Before we talk about the advantages and disadvantages of MongoDB, it’s important to know what MongoDB is, and get a basic understanding of its features and operation. If you don’t already know what MongoDB is, you might want to start with this post: MongoDB for Beginners – An Introduction to MongoDB, then come back here.
Very briefly, MongoDB is an open source database that uses a data storage schema that can be customised (more on this in the post).
It was released in 2007, and today is one of the most popular non-relational databases, it was built with scalability, maximum availability and good performance in mind, and as in 2022 it is currently at version 5.0.
And I will start asking, what is the difference between relational and non-relational database? A NoSQL database stores data differently than relational databases; instead of storing data in row and column tables, all records in MongoDB databases are documents defined in a binary representation of data called BSON. This information is retrieved by applications in JSON format.

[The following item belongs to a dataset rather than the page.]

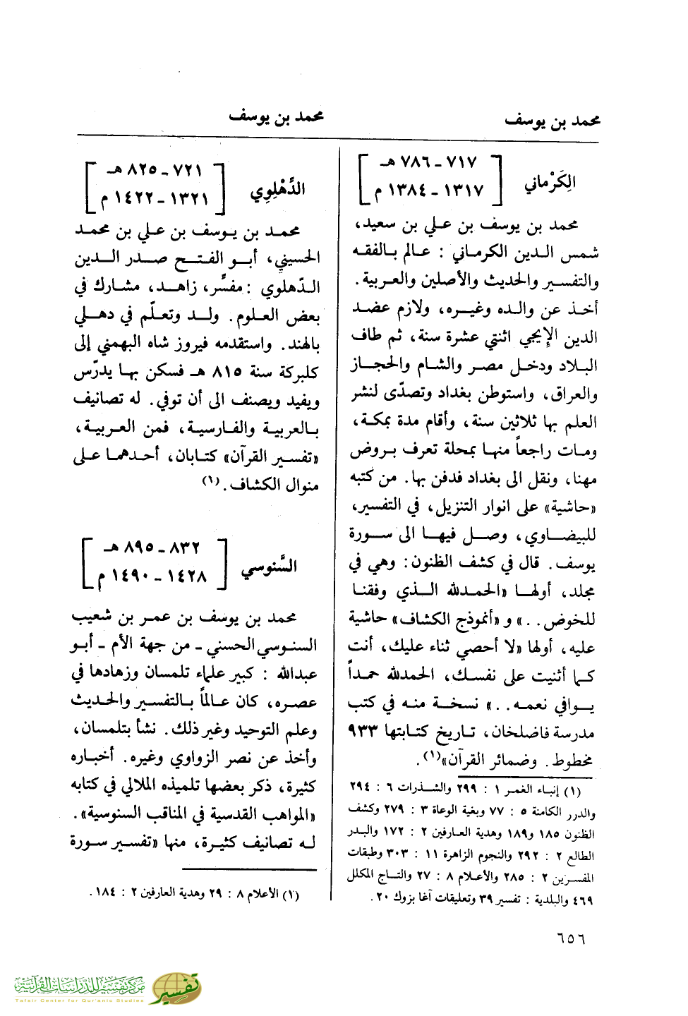 (¬1) إنباء الغمر 1: 299 والشذرات 6: 294 والدرر الكامنة 5: 77 وبغية الوعاة 3: 279 وكشف الظنون 185 و 189 وهدية العارفين 2: 172 والبدر الطالع 2: 292 والنجوم الزاهرة 11: 303 وطبقات المفسرين 2: 285 والأعلام 8: 27 والتاج المكلل 469 والبلدية: تفسير 39 وتعليقات آغا بزوك 20.

NoSQL means ‘Not only SQL’, and there are many types in it, such as columns, documents, charts, key-value pairs, etc.; MongoDB is of the document type as mentioned above.
In relational databases, developers need to translate tables to the object model to make them suitable for use in the application; however with MongoDB, both the stored data and the object model are of the same BSON structure which is easily translated to JSON.
As mentioned before MongoDB uses documents as a base data store, this allows almost any data structure to be modelled and manipulated easily. MongoDB’s BSON data format, inspired by JSON, allows you to have objects in a collection with different sets of fields, for example if a user is married we should also store the name of the spouse, if the user is single this field simply doesn’t need to exist.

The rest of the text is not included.